This is the official repository for Hephaestus Minicubes (submitted in NeurIPS 2025, Datasets and Benchmarks track), a novel dataset for volcanic activity monitoring through InSAR satellite imagery. Hephaestus Minicubes builds upon Hephaestus (Bountos et al., 2022) and offers various key advantages:
- Machine Learning-ready state
- Georeferenced InSAR imagery (vs. PNG format)
- Enhanced spatial resolution at 100m GSD (vs. 333m GSD)
- Physically interpretable pixel values (vs. RGB composites)

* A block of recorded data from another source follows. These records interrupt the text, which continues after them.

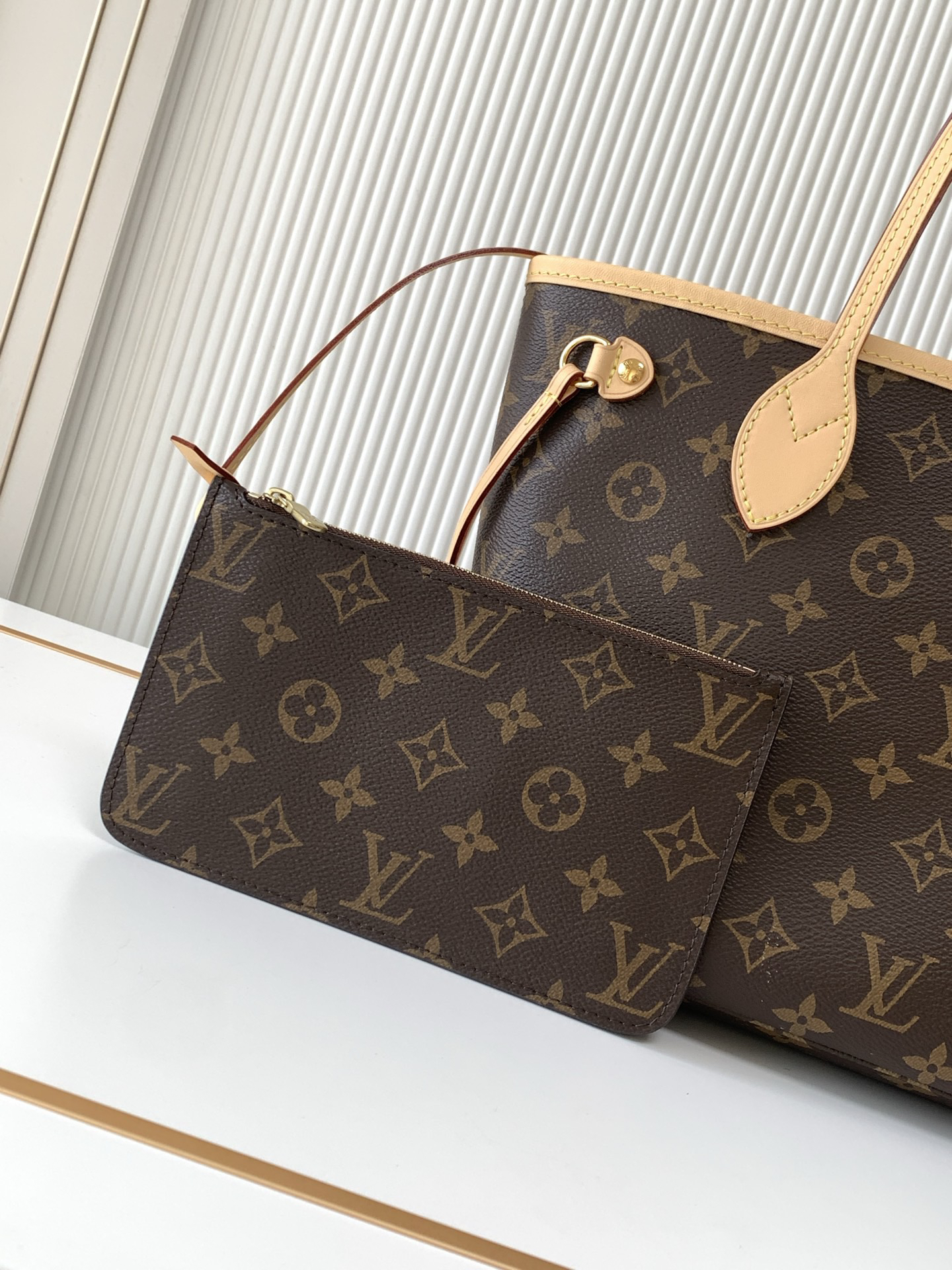 秋冬特惠💰1190 渠道级LV【全钢五金 MB163c01变码芯片】te级LV 全套包装 M46979老花杏内里 NEVERFULL 小号手袋 Neverfull 小号手提包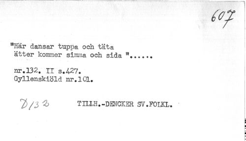 //// "Här dansar tuppa och täta //// ätter kommer simma och sida "...... //// nr.132. ir s.A27. //// Gyllenskiöld nr.101. //// ^ TIL1H.-DMCKER SV.FOIXL. //// H //// H //// H ////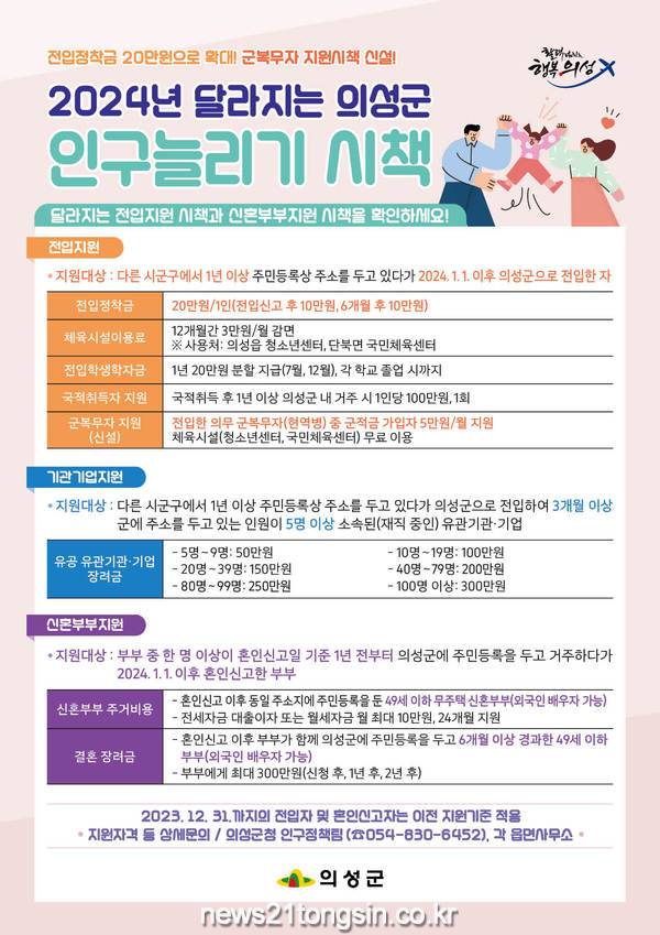 한편, 2024년 달라지는 인구늘리기 시책은 해당 읍·면사무소에서 신청할 수 있으며, 자세한 내용은 의성군청 홈페이지 공지사항 게시판을 통해 확인할 수 있다.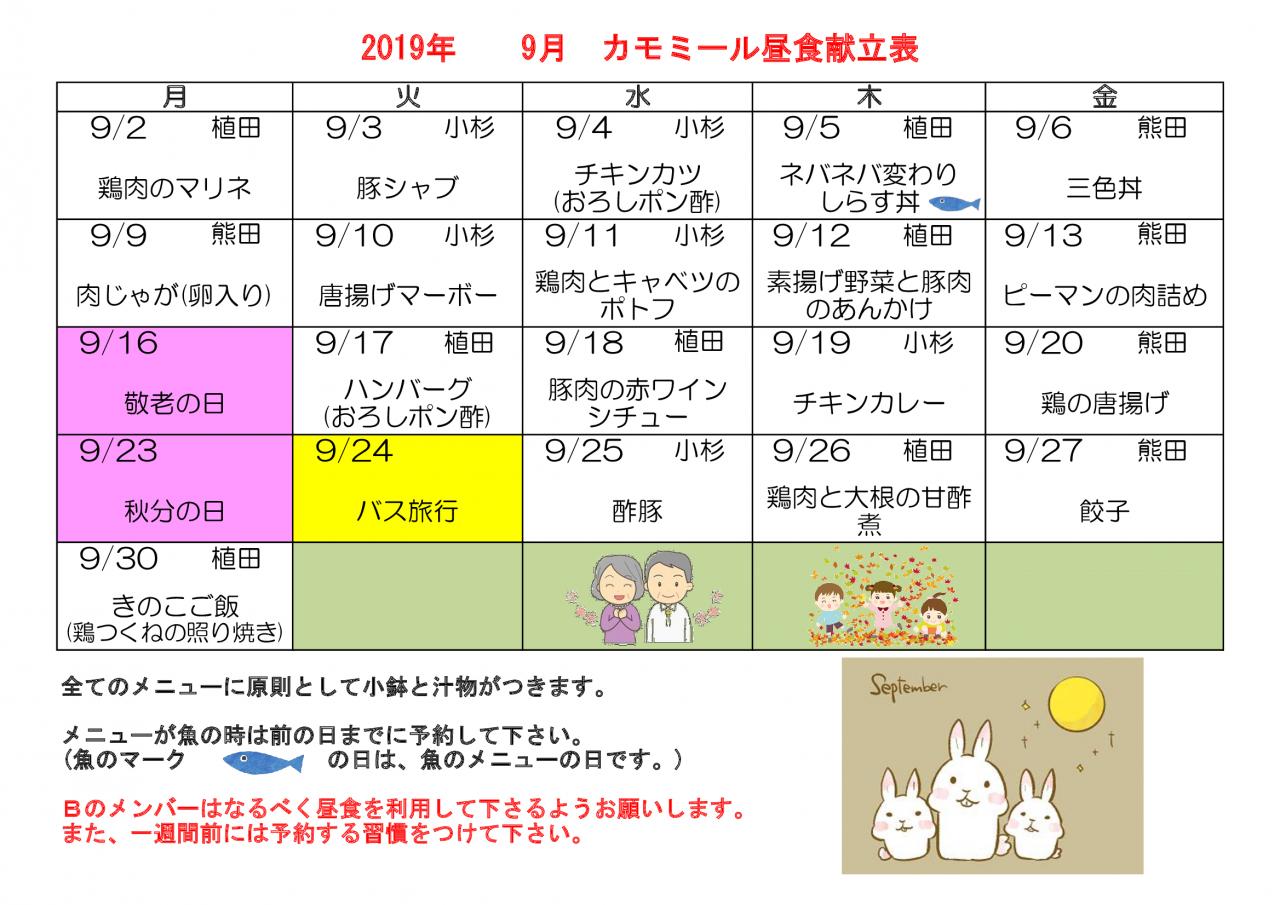 2019年 9月昼食献立表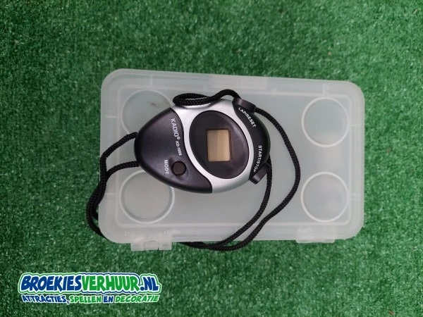 Voor het bijhouden van de juiste tijden tijdens de spelonderdelen bieden wij ook een Stopwatch aan. Bestel deze gewoon bij uw zeskamp artikelen, dan bent u helemaal compleet.

- Zarr file format with spatial and temporal dimensions
- Additional data critical for volcanic monitoring: Digital Elevation Model (DEM), Confounding stmospheric variables
The dataset covers 38 volcanoes worldwide, in 6 out of 7 continents. Annotations have been produced by a SAR/InSAR expert through meticulous photointerpretation, and offer rich insights on the deformation type (sill, dyke, mogi, spheroid, earthquake), the intensity level (low, medium, high), the presence of non-volcanic related fringes (atmospheric, orbital, glacier) as well as the volcanic activity phase (rest, unrest, rebound). Each sample also contains a text description of the observed phenomena, ideal for language-based machine learning modelling.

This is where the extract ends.